Records for this task:
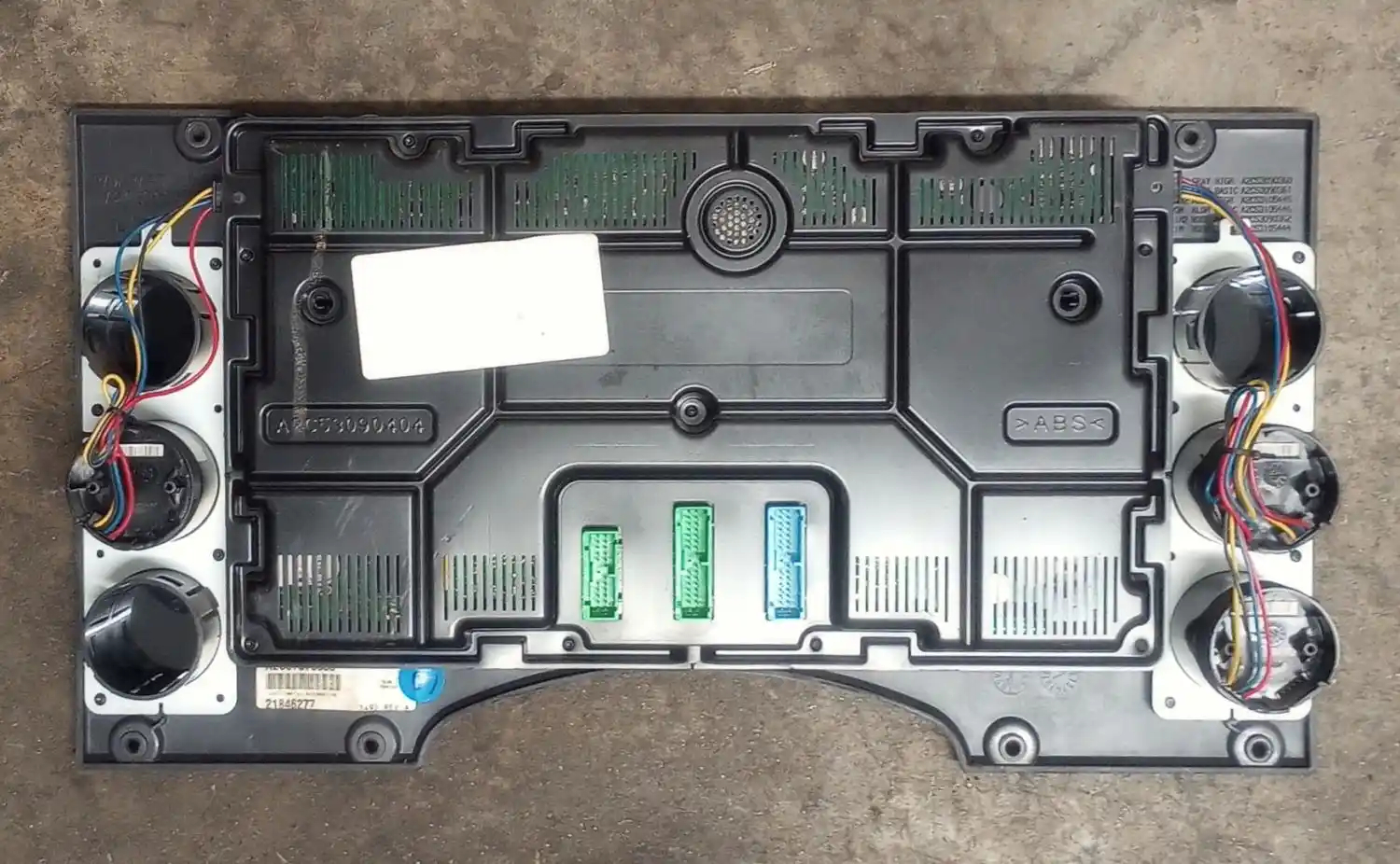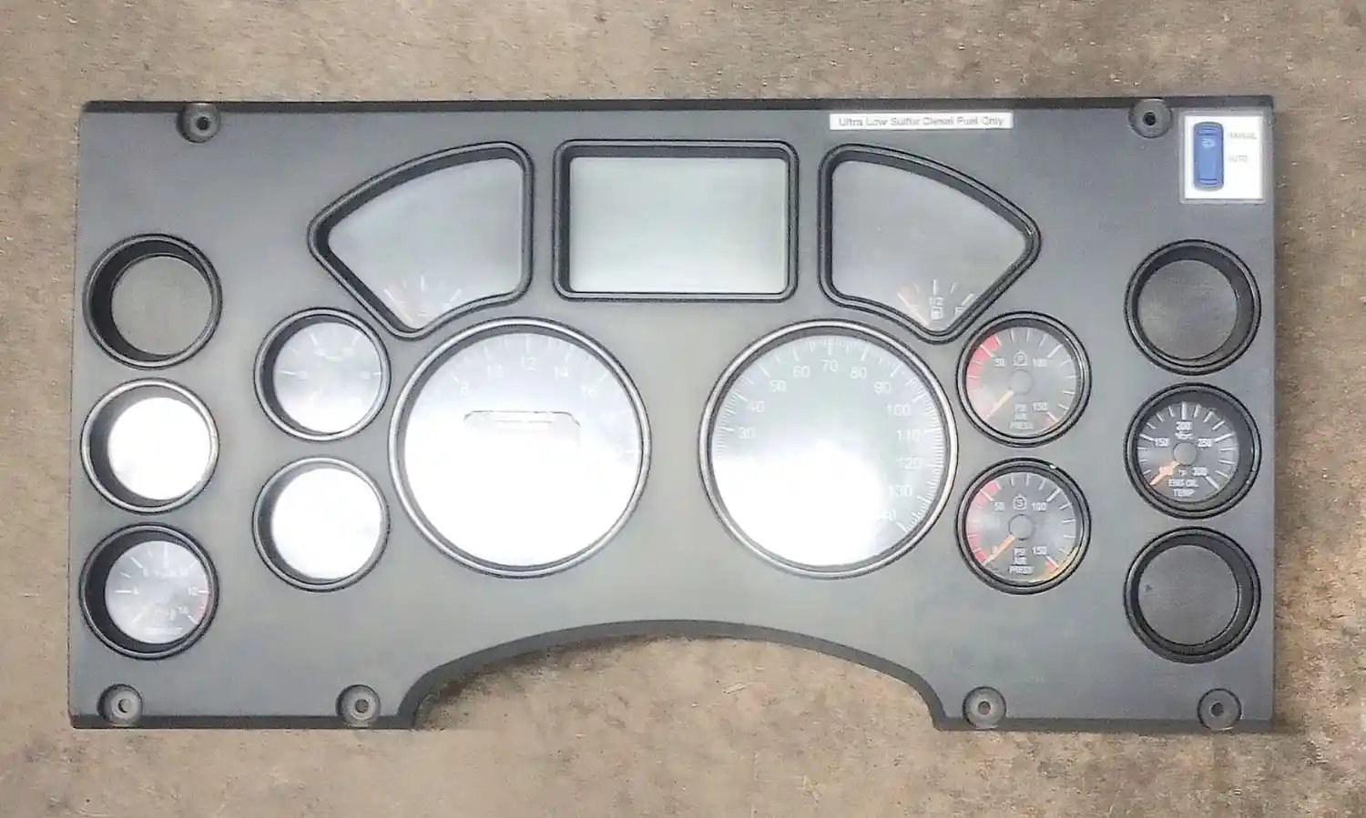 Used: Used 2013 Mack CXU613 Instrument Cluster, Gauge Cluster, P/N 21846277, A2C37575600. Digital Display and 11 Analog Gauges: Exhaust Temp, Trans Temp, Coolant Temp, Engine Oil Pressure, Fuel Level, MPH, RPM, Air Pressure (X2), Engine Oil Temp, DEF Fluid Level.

==

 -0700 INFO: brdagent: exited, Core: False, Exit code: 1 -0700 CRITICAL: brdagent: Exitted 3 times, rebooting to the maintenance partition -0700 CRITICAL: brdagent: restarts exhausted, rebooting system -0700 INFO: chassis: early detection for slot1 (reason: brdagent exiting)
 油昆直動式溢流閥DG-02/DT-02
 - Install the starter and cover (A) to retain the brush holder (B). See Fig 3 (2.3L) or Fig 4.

Task prompt: Copy out precisely the lines from the line with "-0700 INFO: brdagent: exited, Core: False, Exit" to the line with "- Install the" in the material above, including those two lines and omitting all the rest.

Worked solution:
 -0700 INFO: brdagent: exited, Core: False, Exit code: 1 -0700 CRITICAL: brdagent: Exitted 3 times, rebooting to the maintenance partition -0700 CRITICAL: brdagent: restarts exhausted, rebooting system -0700 INFO: chassis: early detection for slot1 (reason: brdagent exiting)
 油昆直動式溢流閥DG-02/DT-02
 - Install the starter and cover (A) to retain the brush holder (B). See Fig 3 (2.3L) or Fig 4.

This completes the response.